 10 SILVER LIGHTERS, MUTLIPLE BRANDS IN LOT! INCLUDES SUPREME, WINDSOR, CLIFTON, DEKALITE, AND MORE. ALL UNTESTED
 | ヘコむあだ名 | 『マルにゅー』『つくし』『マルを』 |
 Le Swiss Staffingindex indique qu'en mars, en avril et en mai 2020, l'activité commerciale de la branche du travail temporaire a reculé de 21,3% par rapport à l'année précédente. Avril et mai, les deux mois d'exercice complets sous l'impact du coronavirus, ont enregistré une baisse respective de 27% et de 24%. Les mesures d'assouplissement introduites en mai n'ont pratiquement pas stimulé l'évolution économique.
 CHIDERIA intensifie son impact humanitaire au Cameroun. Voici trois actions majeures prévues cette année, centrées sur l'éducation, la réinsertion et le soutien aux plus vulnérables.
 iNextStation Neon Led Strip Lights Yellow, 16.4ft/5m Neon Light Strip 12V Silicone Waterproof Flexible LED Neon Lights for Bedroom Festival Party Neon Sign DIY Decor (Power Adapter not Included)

--

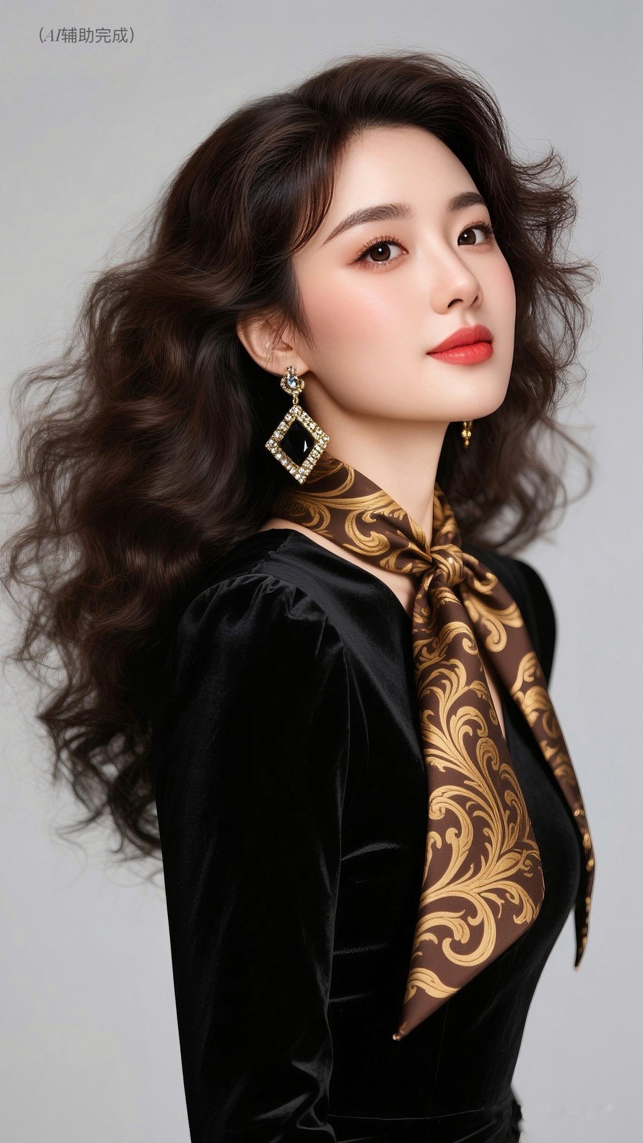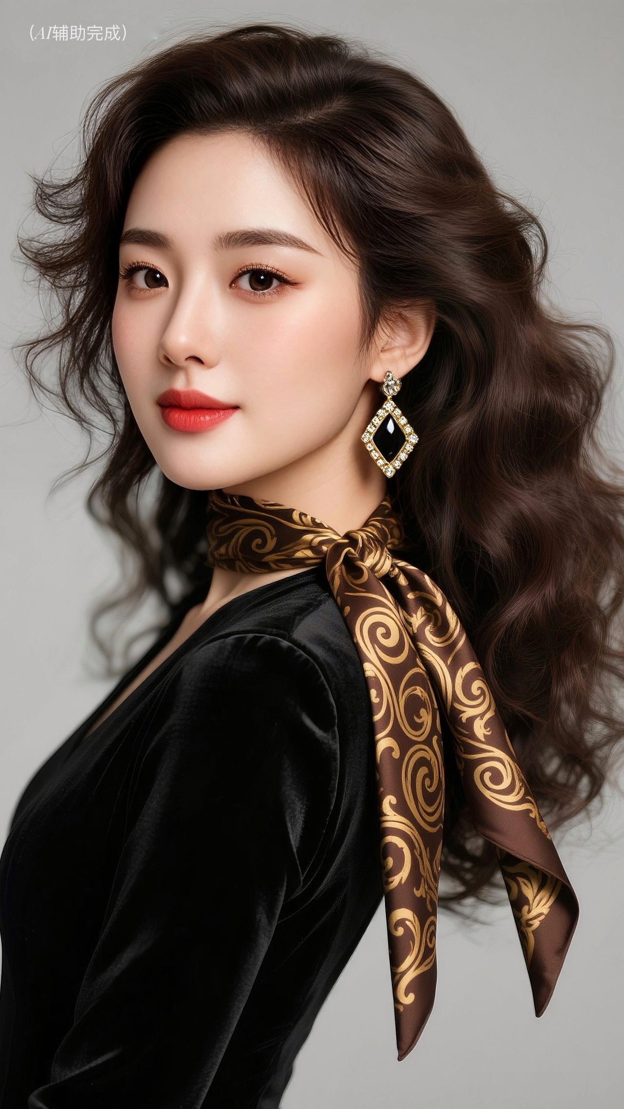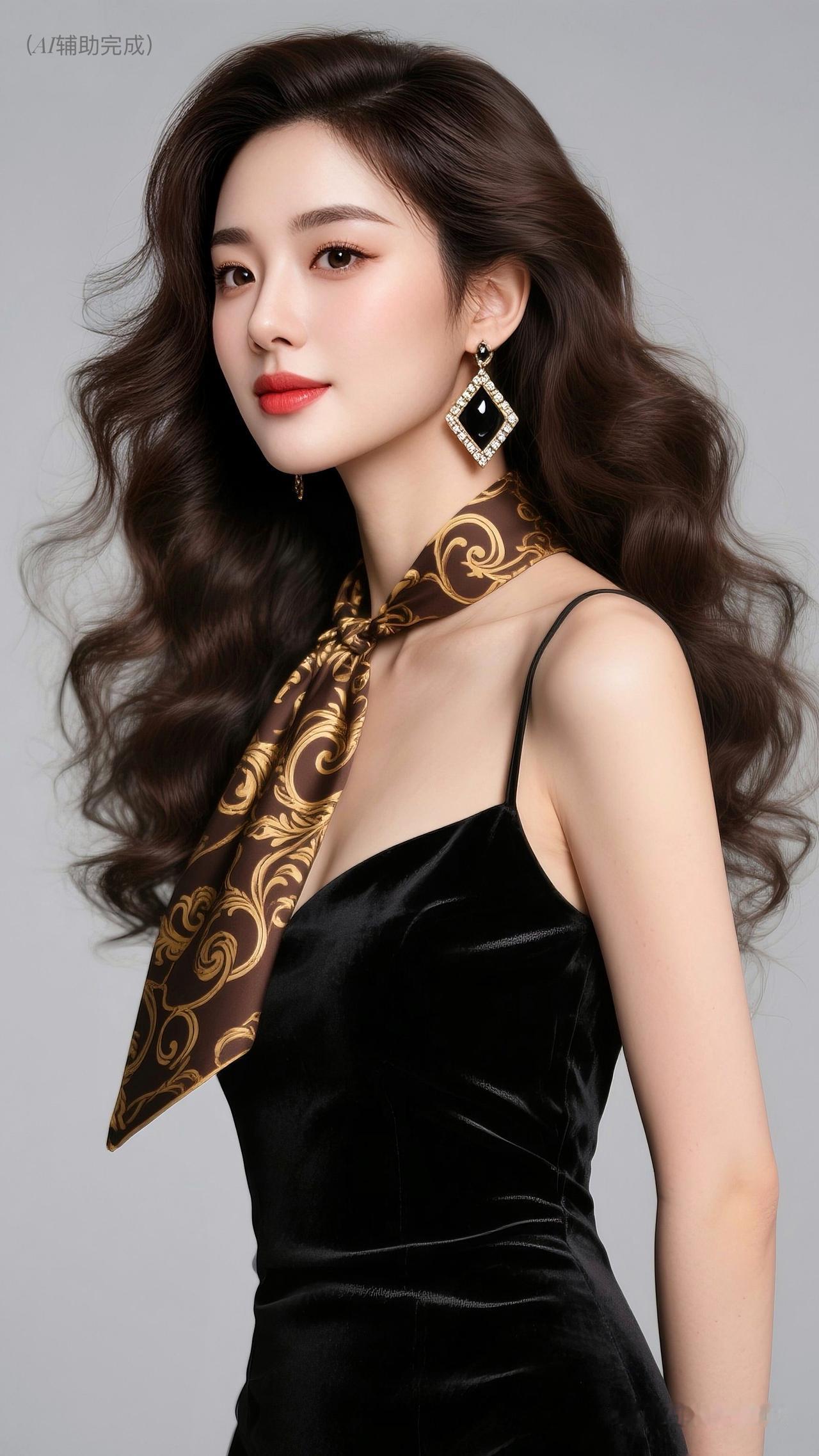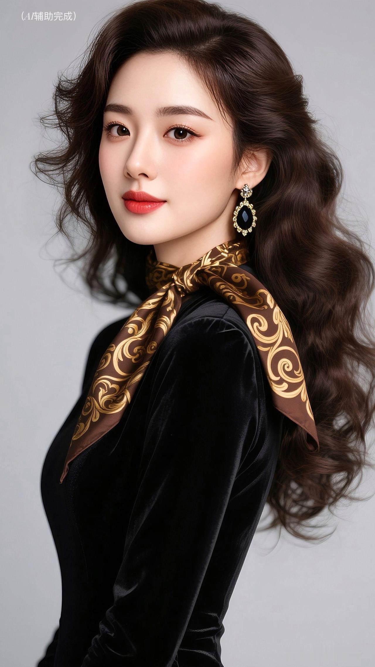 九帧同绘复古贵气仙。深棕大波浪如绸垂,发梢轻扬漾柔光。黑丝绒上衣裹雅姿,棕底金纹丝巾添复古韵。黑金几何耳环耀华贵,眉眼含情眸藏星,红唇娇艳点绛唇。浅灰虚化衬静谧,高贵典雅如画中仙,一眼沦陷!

* To do *
In the data above, retype exactly and only the lines between the one holding "10 SILVER LIGHTERS, MUTLIPLE" and the one holding "CHIDERIA intensifie son", inclusive.

* Task solution *
 10 SILVER LIGHTERS, MUTLIPLE BRANDS IN LOT! INCLUDES SUPREME, WINDSOR, CLIFTON, DEKALITE, AND MORE. ALL UNTESTED
 | ヘコむあだ名 | 『マルにゅー』『つくし』『マルを』 |
 Le Swiss Staffingindex indique qu'en mars, en avril et en mai 2020, l'activité commerciale de la branche du travail temporaire a reculé de 21,3% par rapport à l'année précédente. Avril et mai, les deux mois d'exercice complets sous l'impact du coronavirus, ont enregistré une baisse respective de 27% et de 24%. Les mesures d'assouplissement introduites en mai n'ont pratiquement pas stimulé l'évolution économique.
 CHIDERIA intensifie son impact humanitaire au Cameroun. Voici trois actions majeures prévues cette année, centrées sur l'éducation, la réinsertion et le soutien aux plus vulnérables.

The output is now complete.